Feeding should ideally take place daily, but in limited quantities that are eaten within an hour or two – the enclosure should not have excess live food moving around the morning after feeding. Waxworm larvae and mealworms should be fed relatively sparingly as they have a high fat content. Remove any uneaten live food after around 30 minutes as they annoy leopard geckos by nipping at them during the night.
It is very important that food should be dusted with a vitamin and calcium supplement on a regular basis; once or twice a week for non-breeding adults and 3-4 times a week for juveniles and egg-laying females. Failure to undertake such dietary supplementation may result in metabolic bone diseases and other such problems.
Handling
Leopard geckos are usually very docile and rarely bite. Movements should be slow and gentle but confident. To pick up your gecko, place one hand above the shoulders and support the underside with your other hand.
Reptiles can carry a form of Salmonella, which can be transferred to humans. Good hygiene and washing your hands after handling your Leopard gecko should be sufficient to prevent any risk of infection.
This information is supported by Reptile & Exotic Pet Trade Association.
Corn Snake
Corn snakes are a species of rat snake, originating from eastern United States, and are the most popular rat snake species kept as pets.
Adult corn snakes are small to medium in size, easy to feed and can withstand a large temperature range. They are generally good natured and therefore ideal as a first snake or the experienced hobbyist alike. They come in a vast and increasing array of domesticated colour morphs and all corn snakes available are captive bred.
The corn snake’s habitat varies from open wood lands to rocky hillsides and the length of an adult varies from 60cm to 200cm. Their average life span is approximately 15-20 years.
Corn snakes are not social animals so they are best kept singularly.
General care
Your snake’s eyes will become cloudy from time to time, which indicates that it is about to shed its old skin – higher humidity in the housing is useful at this time to assist the shed. Make sure you check that both eye covers are shed successfully, as sometimes the protective scale that covers the eye does not shed correctly.

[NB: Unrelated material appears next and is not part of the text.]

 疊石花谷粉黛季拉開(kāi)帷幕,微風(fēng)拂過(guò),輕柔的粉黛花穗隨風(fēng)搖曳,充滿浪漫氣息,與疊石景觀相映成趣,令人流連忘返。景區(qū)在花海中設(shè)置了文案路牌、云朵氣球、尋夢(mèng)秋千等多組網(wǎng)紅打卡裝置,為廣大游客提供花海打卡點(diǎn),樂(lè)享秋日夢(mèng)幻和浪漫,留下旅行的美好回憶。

Respiratory problems can occur and are indicated by mouth gaping and/or bubbly mucus from the mouth or nostrils. Mouth gaping or inability to close neatly, due to swelling, can be indicative of mouth infections.
Check your snake regularly for mites, which are tiny external parasites that live off your pet’s blood. Many pet shops sell remedies for mites, however, more serious infestations may need veterinary prescribed treatments.

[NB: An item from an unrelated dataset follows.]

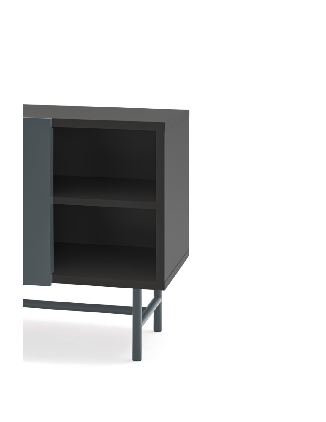 La colección Nube se caracteriza por su diseño original, marcado por una puerta corrediza que puede ubicarse a gusto de cada persona. Este mueble está fabricado en MDF lacado, con una puerta del mismo acabado que se desliza suavemente sobre la superficie. La estructura descansa sobre patas metálicas también lacadas, aportando estabilidad y un toque contemporáneo.

If you are at all worried about the health of your snake you should consult a vet as soon as possible. It is recommended to seek a vet that has experience with reptiles.

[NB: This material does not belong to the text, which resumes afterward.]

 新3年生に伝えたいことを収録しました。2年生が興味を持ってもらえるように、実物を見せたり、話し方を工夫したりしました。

You pet should also be insured against unexpected veterinary costs.
Choosing your snake
Good health is indicated by the snake being alert and inquisitive, usually through extensive tongue flicking in new situations. Your snake should also feel ‘strong’, and not flaccid, in your hands. Good condition is indicated by a body cross-section that is more rounded than angular.
The vent area should be clean and free of any encrustation, indicative of diarrhoea. The body should be symmetrical, clean, and free of swelling, unless recently fed.
Housing
A well ventilated, adequately heated, escape-proof vivarium is the best housing for your corn snake. Many snakes are frequently inactive, and will voluntarily live comfortably for days, or even weeks, in a space just sufficient to accommodate their coiled bodies, however long-term this will not be enough for your snake. The accommodation should be of such a size to allow freedom of movement and be at least two-thirds the length of the snake, preferably larger if you have space. There must be no gaps between glass sliding doors sufficient to allow a hatchling to squeeze through.
Lighting
UVB light is not essential for corn snakes, but they are likely to benefit from the provision of a normal UVB light pattern to recreate their natural conditions.
Temperature
All reptiles are cold blooded and need an external heat source to maintain their body temperature. One end of the vivarium should be heated to create a thermal gradient, allowing the snake to choose its preferred temperature. The ideal thermal gradient is 24-25oC at the cool end and 30-32oC at the hot end. Night temperature can be dropped by several degrees at both ends, which will benefit your pet as this reflects his natural environment.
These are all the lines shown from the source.